Papua New Guinea’s rising debt. Credit: ANZ

A report by ANZ Bank, Pacific Insight – PNG, predicts that the PNG economy will be in recession in 2020, contracting by 2.6 per cent. It says government expenditure will increase to ‘an all time high’ of K19.3 billion, while revenue will fall by K2.5 billion.

‘The PNG government will have a shortfall of K1 billion in petroleum taxes and dividends, which, in turn, is due to a collapse in oil prices.

‘We believe another K1.5 billion of projected overall tax revenue won’t be realised due to a lacklustre economy. The shutdown of the Porgera gold mine while the operator, Barrick Niugini, pursues a legal challenge to the government’s decision not to extend its Special Mining Lease, along with disruptions at the Kainantu gold mine due to landowner disputes, will impact revenue.

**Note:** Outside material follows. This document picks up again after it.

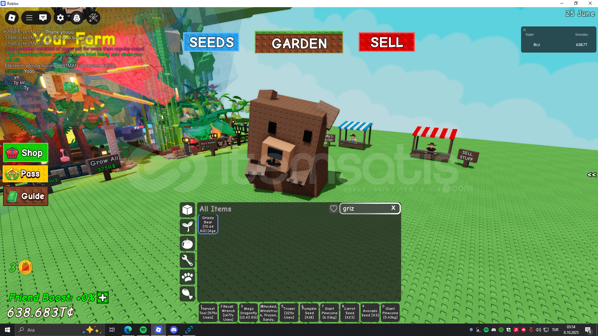 Pet ne işe yarar?Titanictir çok büyüktür.70.64 kg100 level (max)Sorunsuz çalışmaktadır.En kısa sürede priv server ile teslim ediyorum hesabınız +13 değilse arkadaş ekliyorum.Grow a GardenRoblox+3100 başarılı işlem.bcz store güvencesiyle.
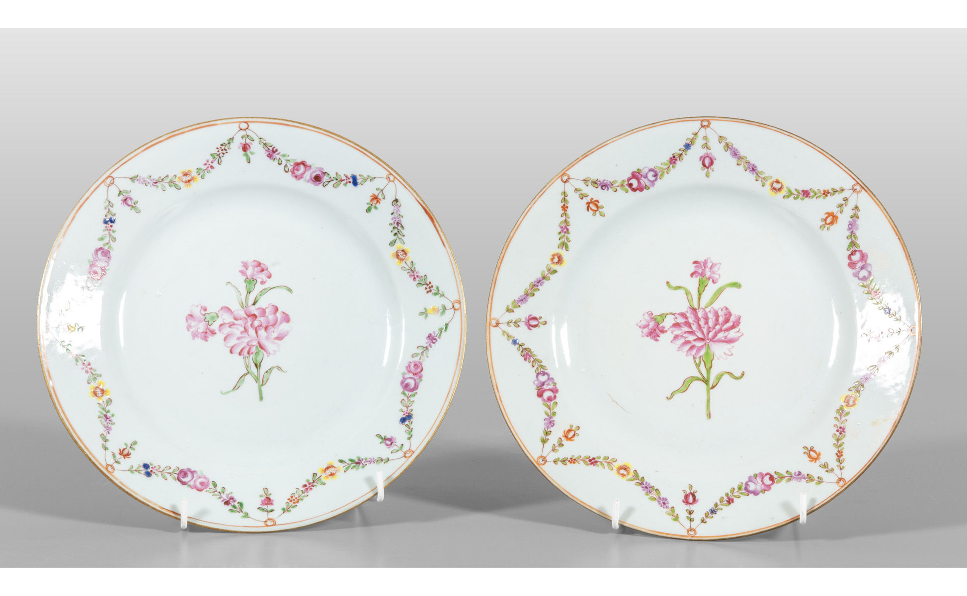 Coppia di piatti in porcellana decorati in policromia su fondo bianco Cina sec.XVIII

‘Expect more constraints to government spending over the medium term, with further implications for the country’s ambitious plans to expand its oil and gas sector.’

‘This means the budget deficit will blow out to K7.7 billion (8.6 per cent of GDP) this year.’

The ANZ report says the government is planning to fund the K7.7 billion budget deficit by borrowing from multilateral agencies and issuing debt in the domestic market, selling mainly to banks and super funds.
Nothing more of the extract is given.